START Data for processing
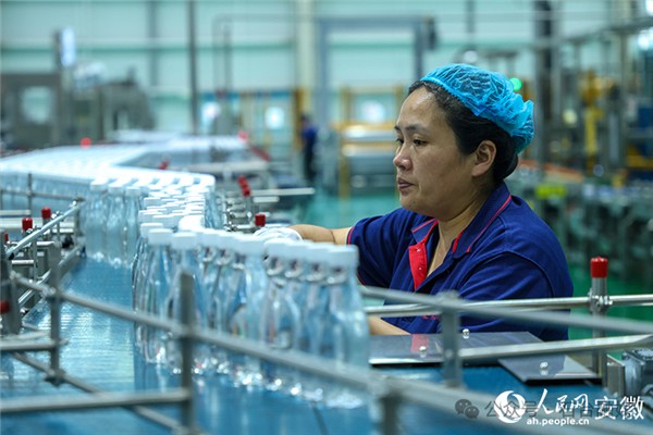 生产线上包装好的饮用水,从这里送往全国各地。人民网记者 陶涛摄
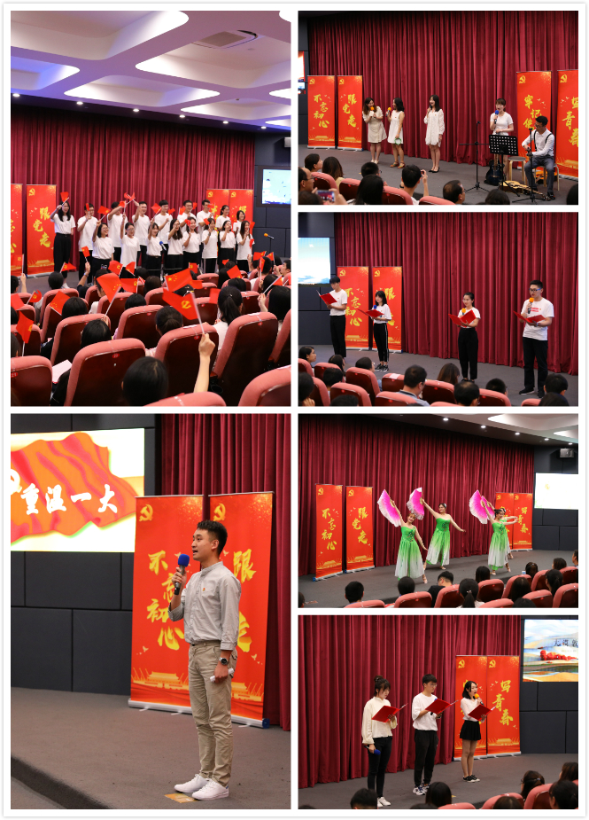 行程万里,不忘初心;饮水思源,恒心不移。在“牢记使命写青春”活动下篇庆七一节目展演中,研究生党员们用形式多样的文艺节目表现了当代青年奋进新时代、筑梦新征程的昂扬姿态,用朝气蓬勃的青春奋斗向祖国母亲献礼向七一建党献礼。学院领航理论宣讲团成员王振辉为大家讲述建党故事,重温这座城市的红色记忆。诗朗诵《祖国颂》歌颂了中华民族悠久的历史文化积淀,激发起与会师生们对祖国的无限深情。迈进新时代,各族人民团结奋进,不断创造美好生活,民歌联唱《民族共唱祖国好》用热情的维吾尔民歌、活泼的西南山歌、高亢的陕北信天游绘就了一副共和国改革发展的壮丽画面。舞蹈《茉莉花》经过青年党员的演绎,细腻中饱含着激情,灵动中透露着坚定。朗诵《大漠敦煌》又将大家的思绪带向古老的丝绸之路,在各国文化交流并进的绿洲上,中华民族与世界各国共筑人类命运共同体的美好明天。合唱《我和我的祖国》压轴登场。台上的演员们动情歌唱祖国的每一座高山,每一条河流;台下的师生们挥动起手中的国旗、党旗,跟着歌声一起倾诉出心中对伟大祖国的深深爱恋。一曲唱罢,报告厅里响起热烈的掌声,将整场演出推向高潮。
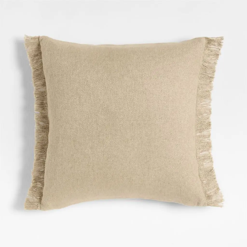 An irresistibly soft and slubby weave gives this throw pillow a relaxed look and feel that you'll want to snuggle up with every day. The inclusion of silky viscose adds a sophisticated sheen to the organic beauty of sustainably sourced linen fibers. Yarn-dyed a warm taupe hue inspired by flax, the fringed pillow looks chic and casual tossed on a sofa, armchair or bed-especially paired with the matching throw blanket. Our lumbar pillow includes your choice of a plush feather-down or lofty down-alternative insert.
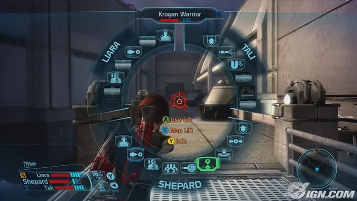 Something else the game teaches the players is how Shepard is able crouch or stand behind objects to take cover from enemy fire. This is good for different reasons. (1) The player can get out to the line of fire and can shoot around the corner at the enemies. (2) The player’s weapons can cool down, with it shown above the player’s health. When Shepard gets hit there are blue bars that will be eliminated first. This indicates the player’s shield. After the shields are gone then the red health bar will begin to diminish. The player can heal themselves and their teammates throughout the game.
END Data for processing
START Data for processing
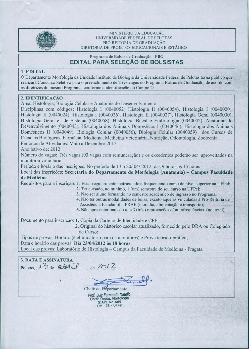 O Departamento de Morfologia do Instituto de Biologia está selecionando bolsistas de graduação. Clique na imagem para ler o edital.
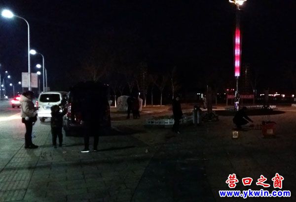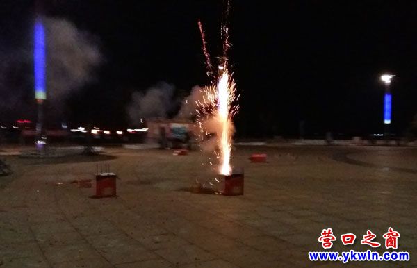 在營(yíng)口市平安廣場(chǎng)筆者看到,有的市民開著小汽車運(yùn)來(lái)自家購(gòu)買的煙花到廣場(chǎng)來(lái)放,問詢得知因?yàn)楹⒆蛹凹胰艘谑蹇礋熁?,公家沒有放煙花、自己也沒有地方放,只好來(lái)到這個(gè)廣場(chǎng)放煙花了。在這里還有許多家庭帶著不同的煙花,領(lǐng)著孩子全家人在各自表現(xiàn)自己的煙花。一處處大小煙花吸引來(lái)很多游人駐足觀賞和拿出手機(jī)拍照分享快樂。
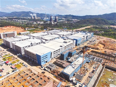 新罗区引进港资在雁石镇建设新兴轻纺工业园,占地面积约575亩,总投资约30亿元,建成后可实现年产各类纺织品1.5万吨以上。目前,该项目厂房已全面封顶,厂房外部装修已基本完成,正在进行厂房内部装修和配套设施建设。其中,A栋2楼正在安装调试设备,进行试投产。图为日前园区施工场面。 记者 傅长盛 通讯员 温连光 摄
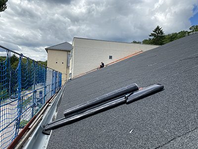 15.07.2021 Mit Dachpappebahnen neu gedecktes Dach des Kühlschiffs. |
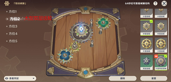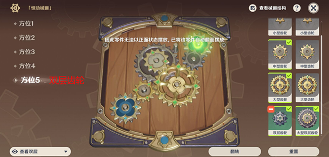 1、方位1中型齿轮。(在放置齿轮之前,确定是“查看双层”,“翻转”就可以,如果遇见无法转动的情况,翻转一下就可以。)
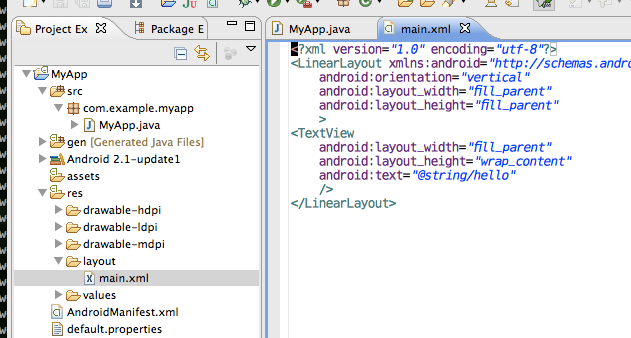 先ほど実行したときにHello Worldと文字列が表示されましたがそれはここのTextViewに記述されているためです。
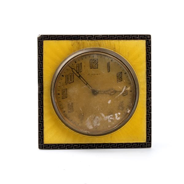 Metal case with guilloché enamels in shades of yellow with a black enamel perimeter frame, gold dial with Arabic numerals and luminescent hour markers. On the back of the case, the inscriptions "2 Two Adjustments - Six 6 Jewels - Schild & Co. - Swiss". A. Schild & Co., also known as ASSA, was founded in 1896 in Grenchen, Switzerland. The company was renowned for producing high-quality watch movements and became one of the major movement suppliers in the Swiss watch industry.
END Data for processing
START Data for processing
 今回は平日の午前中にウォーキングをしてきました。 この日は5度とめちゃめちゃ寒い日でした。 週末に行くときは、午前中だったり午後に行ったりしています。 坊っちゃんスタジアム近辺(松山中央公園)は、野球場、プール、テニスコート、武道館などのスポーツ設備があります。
END Data for processing
Problem to work on: From the listing above, please give again the lines that begin with the line holding "1、方位1中型齿轮。(在放置" and go on through the line holding "Metal case with", exactly, both ends included, minus any picture.

Solved exercise:
 1、方位1中型齿轮。(在放置齿轮之前,确定是“查看双层”,“翻转”就可以,如果遇见无法转动的情况,翻转一下就可以。)
 先ほど実行したときにHello Worldと文字列が表示されましたがそれはここのTextViewに記述されているためです。
 Metal case with guilloché enamels in shades of yellow with a black enamel perimeter frame, gold dial with Arabic numerals and luminescent hour markers. On the back of the case, the inscriptions "2 Two Adjustments - Six 6 Jewels - Schild & Co. - Swiss". A. Schild & Co., also known as ASSA, was founded in 1896 in Grenchen, Switzerland. The company was renowned for producing high-quality watch movements and became one of the major movement suppliers in the Swiss watch industry.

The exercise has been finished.